* [What you are asked to do]
Starting at the top of the records below, write out each line exactly as it stands, stopping after the line with "A-26956The Public Utility"; exclude the pictures.

* [Dataset excerpts]
+---+
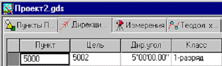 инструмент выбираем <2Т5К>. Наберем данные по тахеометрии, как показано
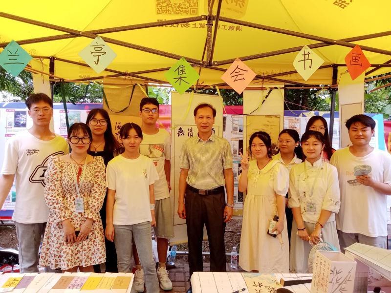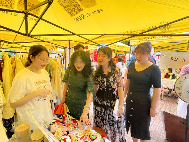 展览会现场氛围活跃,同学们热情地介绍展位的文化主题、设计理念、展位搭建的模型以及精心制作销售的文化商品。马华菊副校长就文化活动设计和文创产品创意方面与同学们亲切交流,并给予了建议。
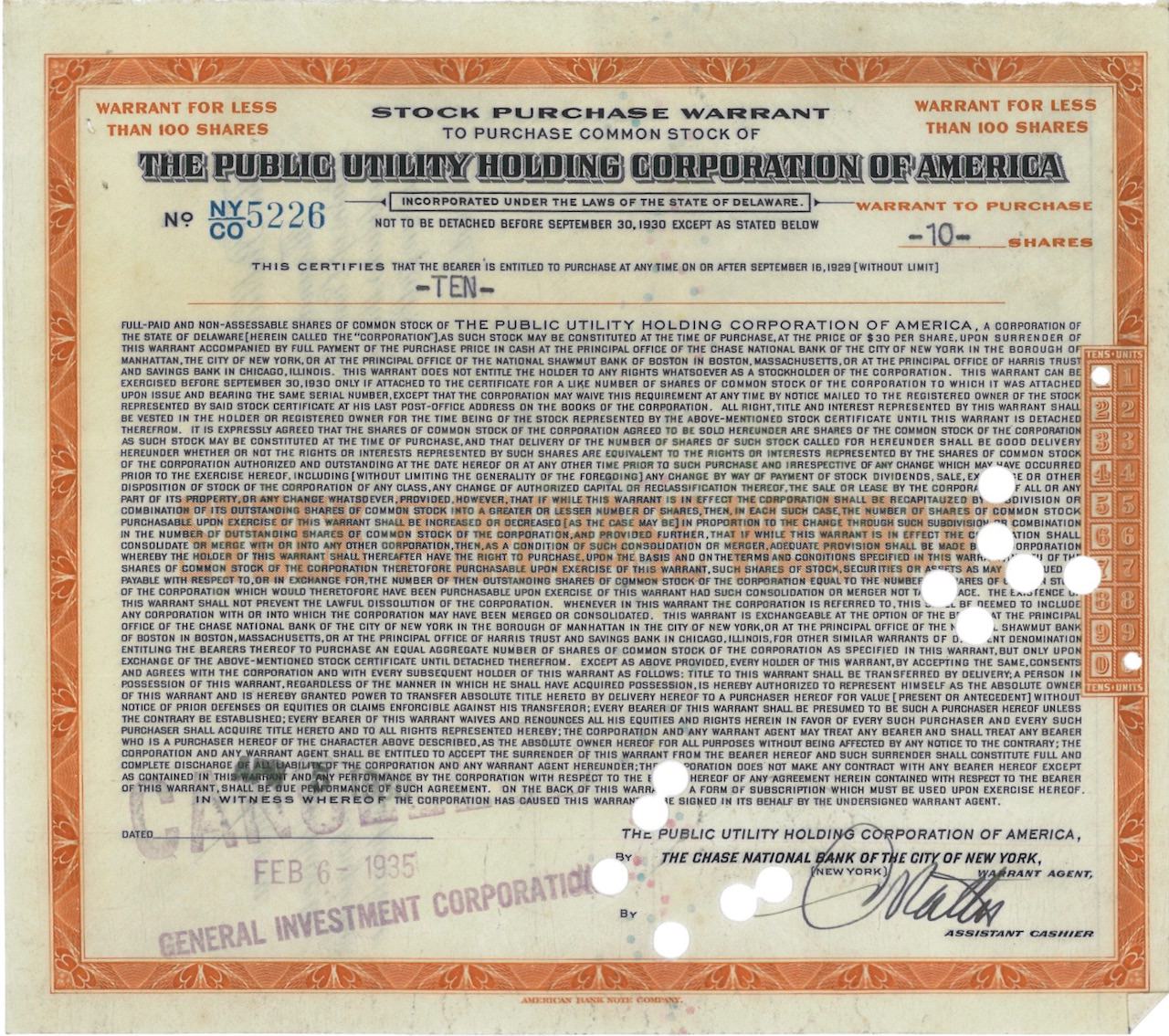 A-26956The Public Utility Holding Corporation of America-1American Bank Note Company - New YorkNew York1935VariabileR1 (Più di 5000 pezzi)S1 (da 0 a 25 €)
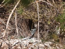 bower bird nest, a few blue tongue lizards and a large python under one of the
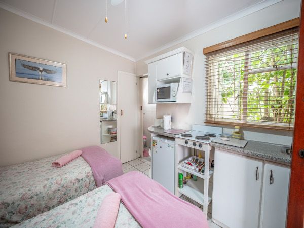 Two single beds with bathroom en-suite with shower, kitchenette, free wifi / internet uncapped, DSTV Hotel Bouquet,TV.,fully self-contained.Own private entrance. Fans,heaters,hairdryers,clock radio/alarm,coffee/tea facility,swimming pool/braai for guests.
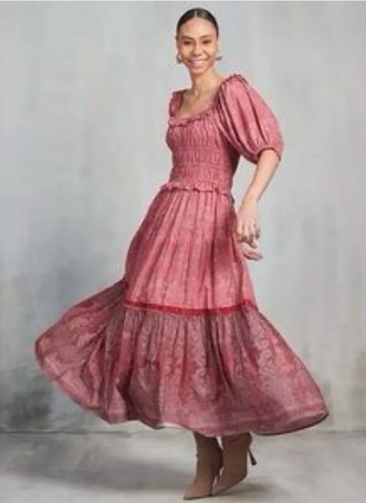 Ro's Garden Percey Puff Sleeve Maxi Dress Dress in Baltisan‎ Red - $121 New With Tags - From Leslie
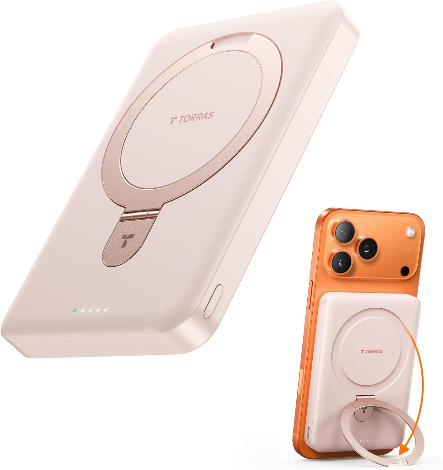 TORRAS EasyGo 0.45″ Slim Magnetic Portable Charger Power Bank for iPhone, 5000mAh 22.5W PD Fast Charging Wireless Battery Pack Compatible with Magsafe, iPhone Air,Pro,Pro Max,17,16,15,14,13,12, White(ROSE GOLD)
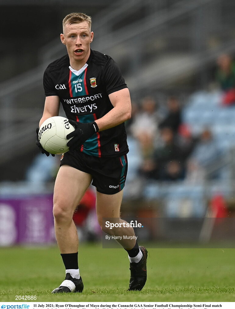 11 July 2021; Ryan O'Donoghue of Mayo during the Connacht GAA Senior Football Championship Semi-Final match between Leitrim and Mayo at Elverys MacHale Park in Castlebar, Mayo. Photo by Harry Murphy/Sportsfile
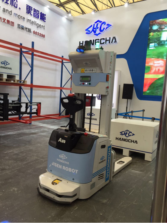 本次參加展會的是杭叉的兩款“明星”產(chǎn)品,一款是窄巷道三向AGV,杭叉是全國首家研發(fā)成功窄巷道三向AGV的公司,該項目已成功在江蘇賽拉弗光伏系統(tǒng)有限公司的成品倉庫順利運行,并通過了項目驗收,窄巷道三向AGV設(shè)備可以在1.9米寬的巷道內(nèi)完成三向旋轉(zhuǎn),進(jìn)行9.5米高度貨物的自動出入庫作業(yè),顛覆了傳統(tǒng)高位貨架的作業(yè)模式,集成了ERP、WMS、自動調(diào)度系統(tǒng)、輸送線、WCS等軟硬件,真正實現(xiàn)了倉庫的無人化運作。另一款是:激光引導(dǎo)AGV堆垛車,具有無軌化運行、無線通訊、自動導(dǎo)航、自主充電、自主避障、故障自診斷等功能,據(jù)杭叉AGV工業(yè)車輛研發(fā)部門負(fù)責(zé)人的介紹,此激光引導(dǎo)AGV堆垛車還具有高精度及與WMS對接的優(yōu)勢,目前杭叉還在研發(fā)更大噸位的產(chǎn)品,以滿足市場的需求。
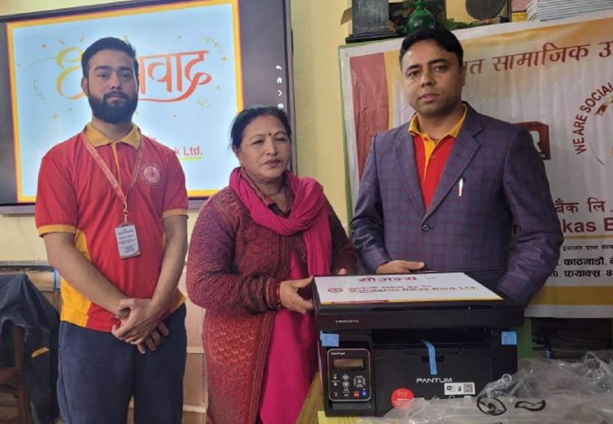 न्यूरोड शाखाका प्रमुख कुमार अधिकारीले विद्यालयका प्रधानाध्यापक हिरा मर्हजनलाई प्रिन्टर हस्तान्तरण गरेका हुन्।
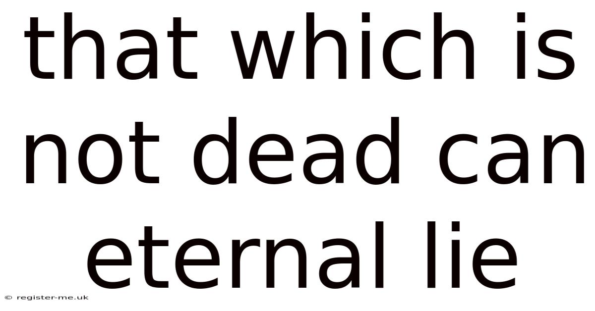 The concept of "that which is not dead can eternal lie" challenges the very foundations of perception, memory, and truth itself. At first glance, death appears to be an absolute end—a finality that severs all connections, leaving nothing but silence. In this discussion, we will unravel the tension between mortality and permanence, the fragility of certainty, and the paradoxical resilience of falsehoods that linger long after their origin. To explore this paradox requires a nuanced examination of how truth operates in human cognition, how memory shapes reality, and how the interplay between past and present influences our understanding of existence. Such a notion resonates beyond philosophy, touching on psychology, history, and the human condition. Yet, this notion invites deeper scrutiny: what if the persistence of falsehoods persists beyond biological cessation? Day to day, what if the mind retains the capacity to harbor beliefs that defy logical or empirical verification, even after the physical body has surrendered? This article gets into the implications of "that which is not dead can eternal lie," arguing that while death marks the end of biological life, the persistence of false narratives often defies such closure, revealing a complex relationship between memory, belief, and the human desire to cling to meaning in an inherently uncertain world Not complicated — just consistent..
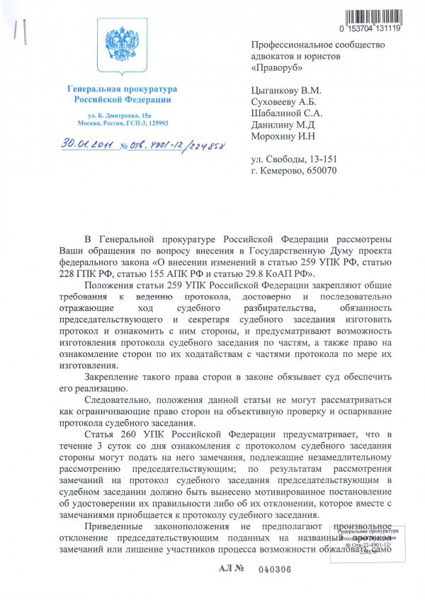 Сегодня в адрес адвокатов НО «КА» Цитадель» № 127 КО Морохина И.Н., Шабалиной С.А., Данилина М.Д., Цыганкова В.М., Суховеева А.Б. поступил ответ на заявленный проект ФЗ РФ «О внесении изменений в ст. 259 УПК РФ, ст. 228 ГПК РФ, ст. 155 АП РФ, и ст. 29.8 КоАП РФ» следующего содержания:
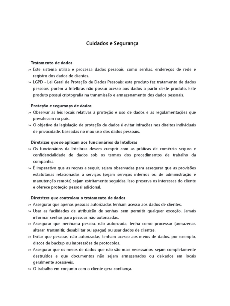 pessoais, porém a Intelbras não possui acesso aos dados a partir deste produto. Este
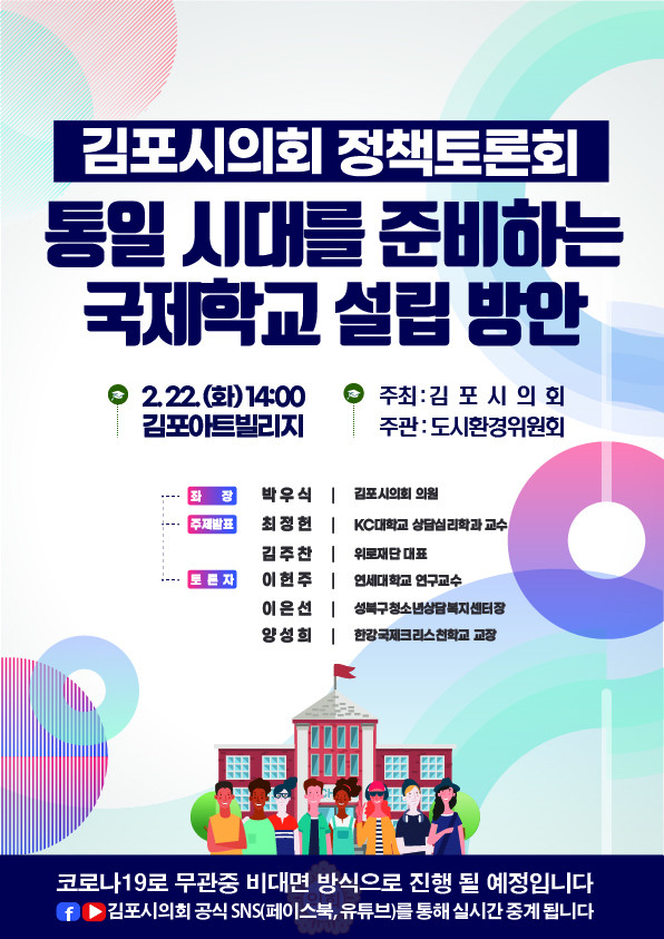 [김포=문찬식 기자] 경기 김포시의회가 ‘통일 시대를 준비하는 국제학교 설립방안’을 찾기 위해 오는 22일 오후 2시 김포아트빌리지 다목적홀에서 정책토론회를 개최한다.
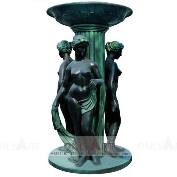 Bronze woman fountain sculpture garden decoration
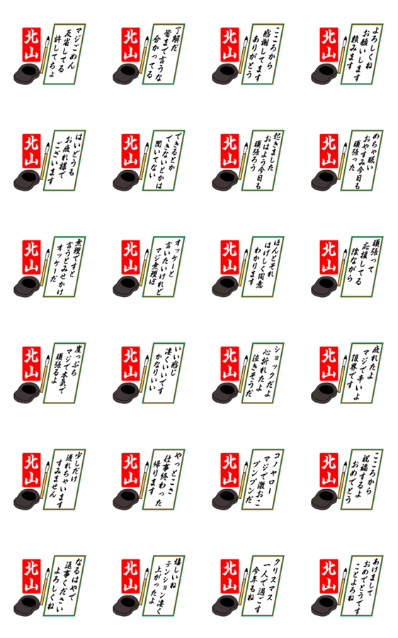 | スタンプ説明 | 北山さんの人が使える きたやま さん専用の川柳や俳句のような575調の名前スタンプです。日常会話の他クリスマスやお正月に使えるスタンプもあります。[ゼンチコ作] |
+---+
* [Task response]
 инструмент выбираем <2Т5К>. Наберем данные по тахеометрии, как показано
 展览会现场氛围活跃,同学们热情地介绍展位的文化主题、设计理念、展位搭建的模型以及精心制作销售的文化商品。马华菊副校长就文化活动设计和文创产品创意方面与同学们亲切交流,并给予了建议。
 A-26956The Public Utility Holding Corporation of America-1American Bank Note Company - New YorkNew York1935VariabileR1 (Più di 5000 pezzi)S1 (da 0 a 25 €)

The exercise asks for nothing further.